Using auto in loops c++

Question

I get warning signed/unsigned mismatch for the following code:

auto n = a.size();
for (auto i = 0; i < n; i++) {
}

The problem is that by assigning 0 to i it becomes int rather than size_t. So what is better:

size_t n = a.size();
for (size_t i = 0; i < n; i++) {
}

or this:

auto n = a.size();
for (size_t i = 0; i < n; i++) {
}

or maybe you have a better solution? I like the first one more because it is bit more consistent, it just uses size_t rather than both size_t and auto for the same purpose.

Answer 1

A range based loop could be a cleaner solution:

for (const auto& i : a)
{

}

Here, i is a const reference to an element of container a.

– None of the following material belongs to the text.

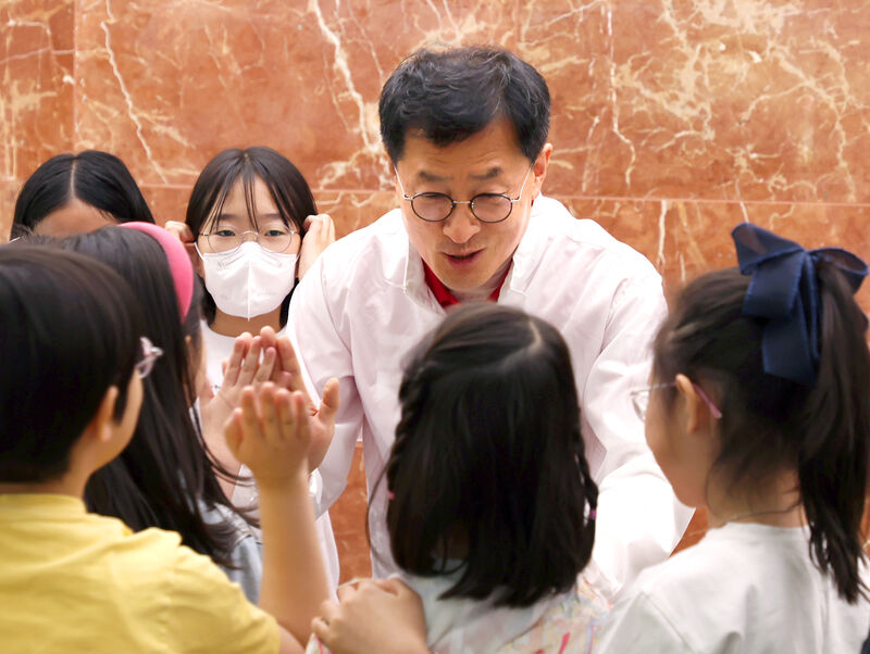 성남의 지속가능한 성장을 위한 도시 계획의 투명성 확보, 디지털 기반의 행정 혁신, 그리고 중소상공인의 경쟁력 강화를 주요 의정 목표로 두고 있다는 박종각 의원. 사진은 성남시의회에 찾아온 초등학생들을 박종각 의원이 반갑게 맞아주고 있는 모습. 사진=성남시의회

Otherwise, if you need the index, or if you don't want to loop over the entire range, you can get the type with decltype(a.size()).

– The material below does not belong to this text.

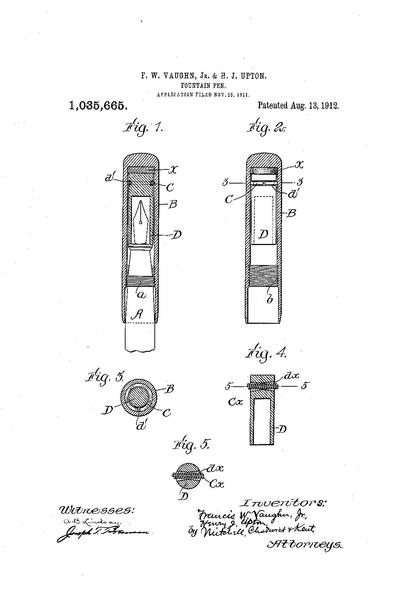 | attuale | 16:38, 19 ago 2012 | 1 159 × 1 704, 3 pagine (94 KB) | Piccardi (discussione | contributi) | {{PatentInfo |Inventor=Francis W. Vaughn, Henry J. Upton |Assignee=Vaughn-Upton Company |Country=US |ApplicationNum=660361 |ApplicationDate=1911-11-15 |PatentNum=1035665 |PatentDate=1912-08-13 |PriorityDate=1911-11-15 |Titolo=Fountain-pen |Marca=Unbran... |

for (decltype(a.size()) i = 0; i < a.size(); ++i) {
}

Answer 2

Depending on what you want to do inside the loop and the capabilities of your compiler, range-based for loop might be a better solution.

All of your presented solutions are not bad in most situations, with minor differences Your first solution is actually worse choice and that's exactly what your compiler tells you. Second solution is better but if you want to avoid directly defining types for simplicity or some future changes, you can do the following:

auto n = a.size();
for (decltype(n) i = 0; i < n; i++) {
}

This way you bind the i and n types to always match each other.

Answer 3

If you used the correct literal, you'd be fine: 0U. auto sees a literal of type int, so that is the type of i. Add the U and it will see an unsigned int literal instead. Otherwise, you'd want to make use of decltype as others suggested, especially since sizeof(size_t) may be greater than sizeof(int) (it is on Windows, OS X, etc. if running in 64-bit long mode).

Answer 4

Trying to be const-correct whenever possible, I usually write:

const auto n(a.size());
for (auto i = decltype(n){0}; i < n; ++i)
{
}

It isn't very concise, but it's clear that you want a variable initialized to 0 of n's type (and n is const).

Answer 5

For discussion:

auto n = a.size();
for (auto i = n-n; i<n; ++i) {
}

Note that for types smaller than int, the substraction result widens to int (called integer promotion).

Answer 6

Here's a simple & cleaner solution to make it work.

for(auto i: a)
{
}

Answer 7

Using unsigned types would pose a problem in case of expressions like the following:

for (auto i = 0u; i < a.size() - k; ++i) ...

I propose two options instead. The first one (editors choice):

for (auto i = 0; i < static_cast<int>(a.size()); ++i) ...

and if you are fine with using a type which is bigger in size than size_t:

for (auto i = 0ll; i < a.size(); ++i) ...

Otherwise, if the type of the operand with signed integer type can represent all of the values of the type of the operand with unsigned integer type, the operand with unsigned integer type shall be converted to the type of the operand with signed integer type. [expr.arith.conv]

Answer 8

for ( decltype (a.size()) i = 0; i < a.size(); i++) {...}

I hope this helps.

Answer 9

for(auto n = a.size(), i = 0; i != n; ++i) {
}

...is probably the cleanest solution if you need the to access the index, as well as the actual element.

Update:

for(auto n = a.size(), i = n*0; i != n; ++i) {
}

Would be a workaround for Richard Smiths comment, although it doesn't look that clean anymore.